USE IN SPECIFIC POPULATIONS
  • Pregnancy: A pregnancy exposure registry monitors pregnancy outcomes in women exposed to DUPIXENT during pregnancy. To enroll or obtain information call 1-877-311-8972 or go to https://mothertobaby.org/ongoing-study/dupixent/. Available data from case reports and case series with DUPIXENT use in pregnant women have not identified a drug-associated risk of major birth defects, miscarriage or adverse maternal or fetal outcomes. Human IgG antibodies are known to cross the placental barrier; therefore, DUPIXENT may be transmitted from the mother to the developing fetus.
  • Lactation: There are no data on the presence of DUPIXENT in human milk, the effects on the breastfed infant, or the effects on milk production. Maternal IgG is known to be present in human milk. The developmental and health benefits of breastfeeding should be considered along with the mother’s clinical need for DUPIXENT and any potential adverse effects on the breastfed child from DUPIXENT or from the underlying maternal condition.

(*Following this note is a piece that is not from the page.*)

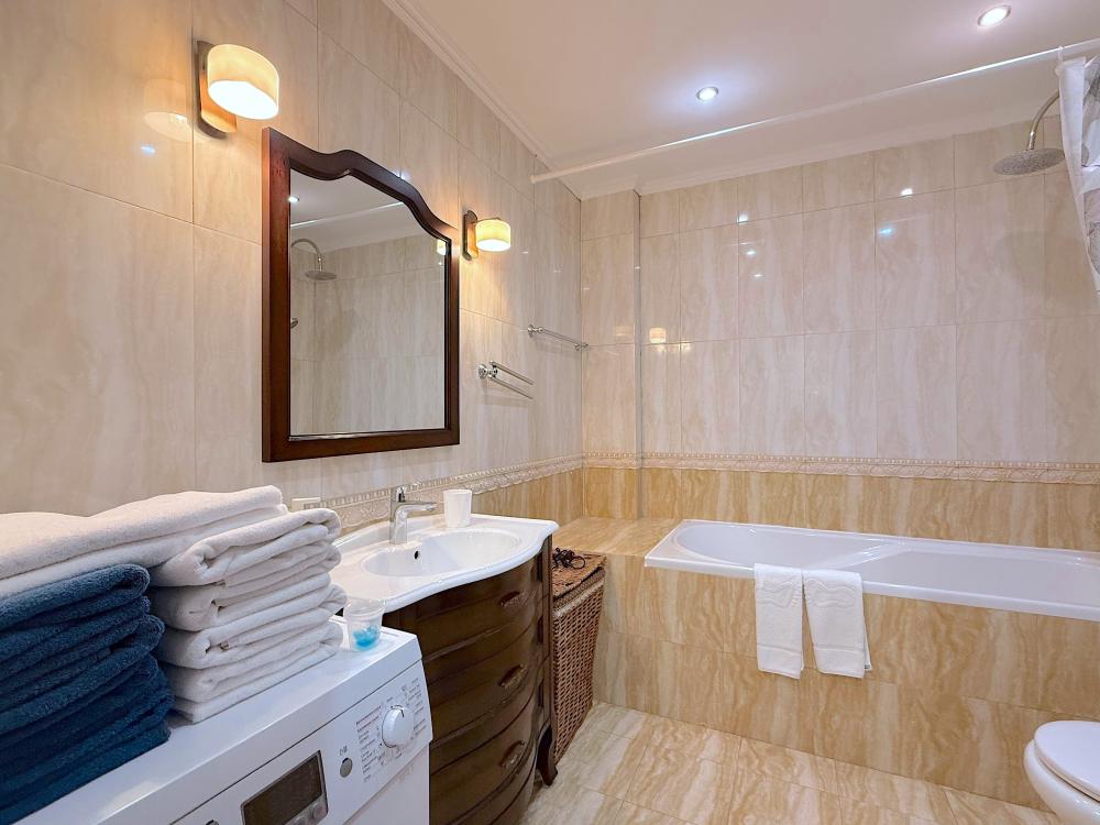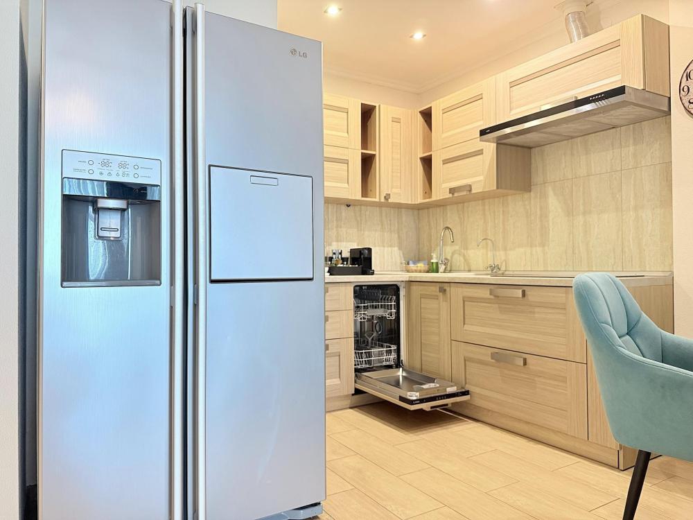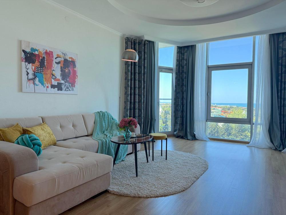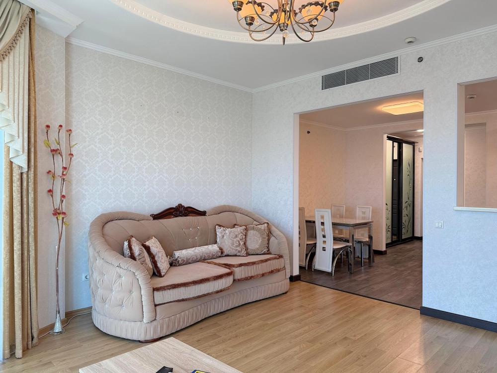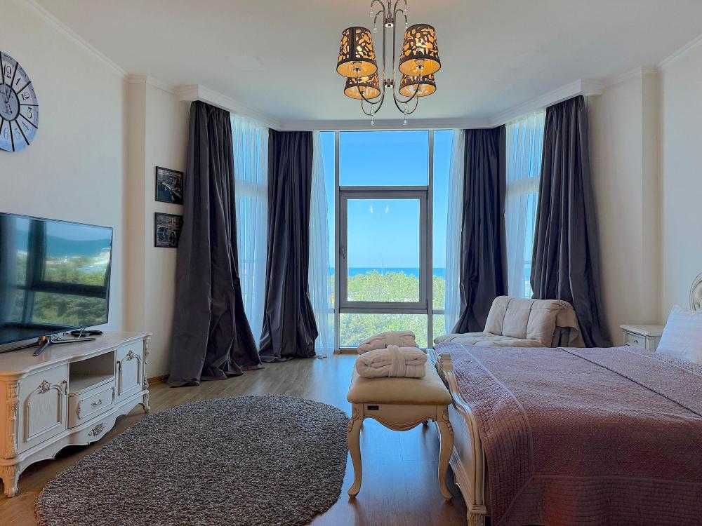Двухкомнатные апартаменты вместимостью до 6 человек. В апартаментах есть все, что необходимо для комфортного проживания: двуспальная кровать с ортопедическим матрацем, два раскладных дивана, сатиновое постельное бельё, комплекты махровых полотенец, махровые халаты и тапочки для взрослых гостей, кондиционер, телевизор, Wi-Fi, сейф, холодильник, варочная поверхность, духовой шкаф, микроволновая печь, мультиварка, электрочайник и капсульная кофемашина, фильтр для воды, посуда, обеденный стол и стулья, шкаф-купе, гигиенические и гладильные принадлежности, стиральная машина, сушилка для белья, фен.

Please see accompanying full Prescribing Information.


Indications

Atopic Dermatitis: DUPIXENT is indicated for the treatment of adult and pediatric patients aged 6 months and older with moderate-to-severe atopic dermatitis whose disease is not adequately controlled with topical prescription therapies or when those therapies are not advisable. DUPIXENT can be used with or without topical corticosteroids.

Asthma: DUPIXENT is indicated as an add-on maintenance treatment of adult and pediatric patients aged 6 years and older with moderate-to-severe asthma characterized by an eosinophilic phenotype or with oral corticosteroid dependent asthma. Limitation of Use: DUPIXENT is not indicated for the relief of acute bronchospasm or status asthmaticus.

Chronic rhinosinusitis with nasal polyposis (CRSwNP): DUPIXENT is indicated as an add-on maintenance treatment in adult patients with inadequately controlled CRSwNP.

Eosinophilic Esophagitis: DUPIXENT is indicated for the treatment of adult and pediatric patients aged 12 years and older, weighing at least 40 kg, with eosinophilic esophagitis (EoE).